After being educated at private schools and in the Applied Sciences Department of King's College, London, he was apprenticed to Messrs. G. and J. Rennie, Marine Engineers.

On the expiration of his pupilage he was appointed Manager of the Shipbuilding and Engineering Works of Messrs. Hoby at Renfrew.

In 1854 Mr. Winter came to London and took an office in Moorgate Street, where he practised for many years as a Consulting Marine Engineer.

Three years later he was placed on a Commission, in company with Major Crawford (Indian Engineers) and Commander Balfour (Indian Navy), appointed by the East India Company to visit the rivers Danube and Rhone with a view to obtaining a conclusive opinion as to the description of boat best adapted for the rivers of India. The chief difficulty to overcome in India was the shallowness of the rivers and their swift current in parts.

After the report of the Cornmission issued by the East India Company in 1858, Mr. Winter was appointed to design a suitable boat for the Indus. She was considered of very ingenious design and was a great success, the peculiarity over earlier river-boats being her great length and shallow draught.

For several years Mr. Winter was employed very fully in the construction of large boats, but failing health, due to malaria contracted while on the Continent, prevented his continuing that occupation.

In 1862 he designed a building for new steam- saw and planing mills for Messrs. Bayly and Fox at Plymouth.

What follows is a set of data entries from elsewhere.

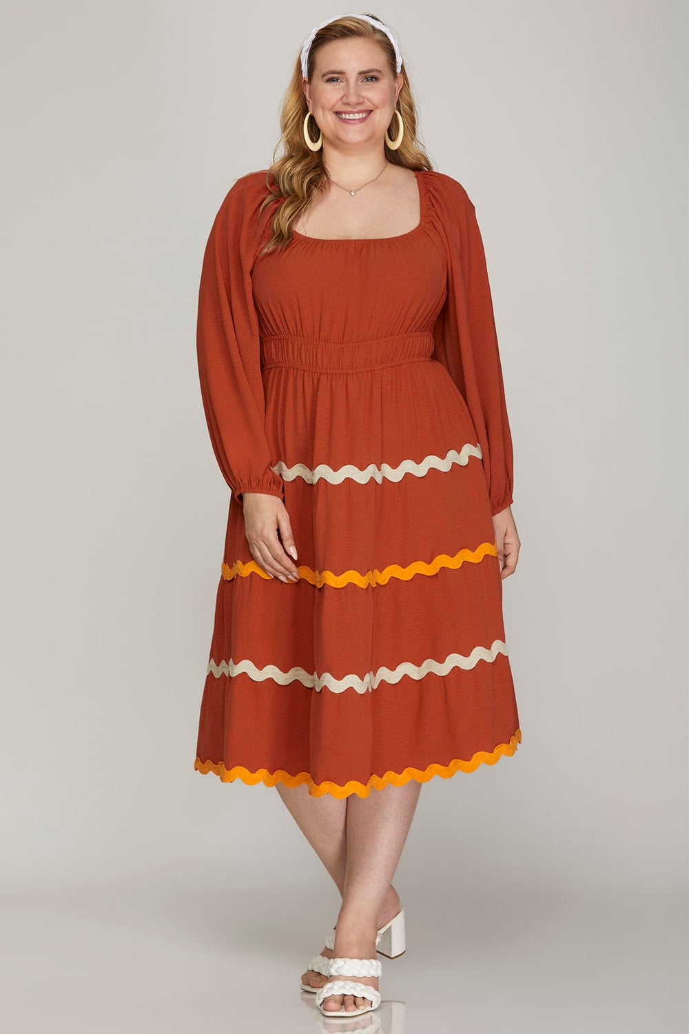 PLUS - LONG SLEEVE WOVEN TIERED RIC RAC TRIM DRESS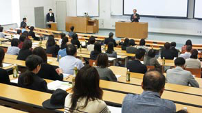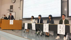 はじめに、平山 征夫学長、内田 亨キャリア支援委員長から冒頭の挨拶があり、続いて西脇 茂雄キャリア支援課長から「本学の就職活動支援の取り組みと現状」について講演後、「親と子のコミュニケーション~就職活動を振り返って~」をテーマに、本学卒業生及び4年次生の内定者を交えたパネルディスカッション、質疑応答が行われました。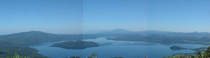 | 津別峠展望台より、屈斜路湖全景。屈斜路湖や周りの山々の展望は美幌峠より良いかもしれない。島や和琴半島もばっちり見えますね(^-^) |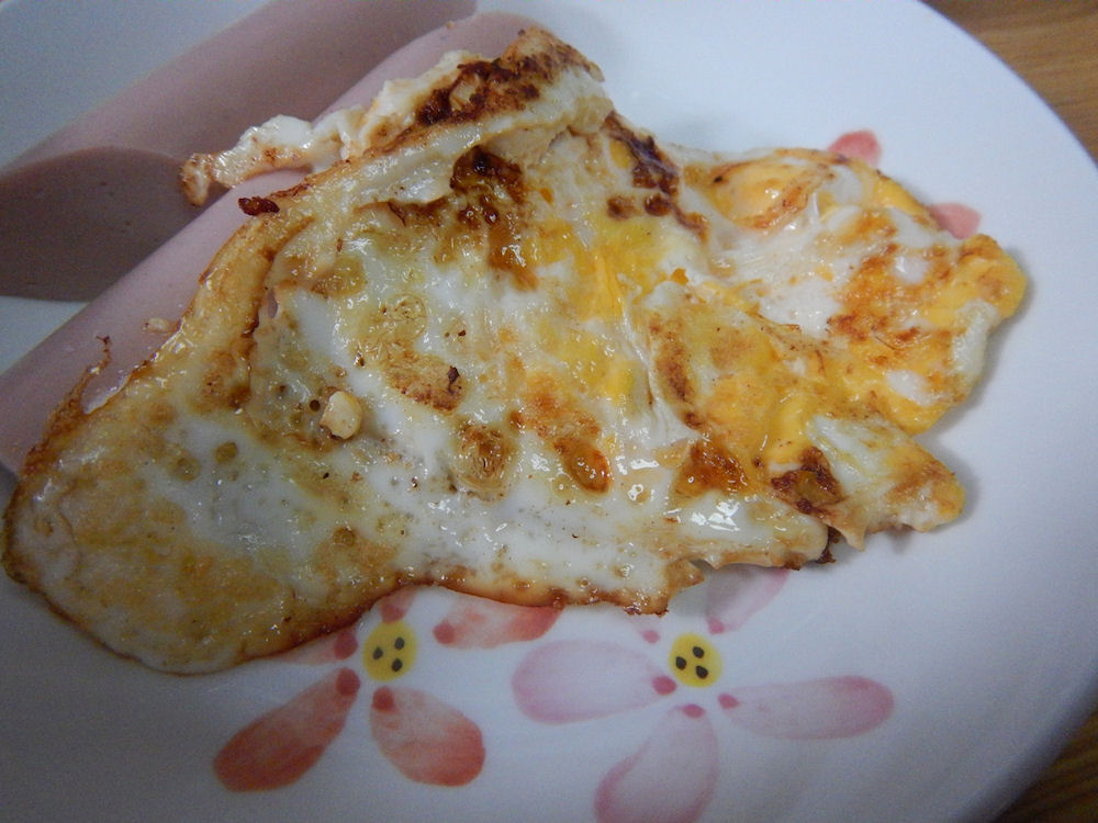 玉子の焦げ目と麺つゆの焦げ目が付いている目玉焼き。

Mr. Winter retired from business in 1880. He had lived partly at Brighton and partly at Denmark Hill till 1864, when he removed to Caterham, Surrey. There he spent his leisure mostly in his garden. He undertook various posts in the parish, being overseer for many years, and a member of the School Board from its commencement for twenty-four years, part of which time he served as Chairman. He died on the 15th October, 1902. Mr. Winter was at all times ready to render assistance to members of the profession in need of aid, and to give advice and help wherever possible.

He married in 1852 the only daughter of the Rev. James Hoby of Birmingham.

He was elected a Member of the Institution on the 1st February, 1859.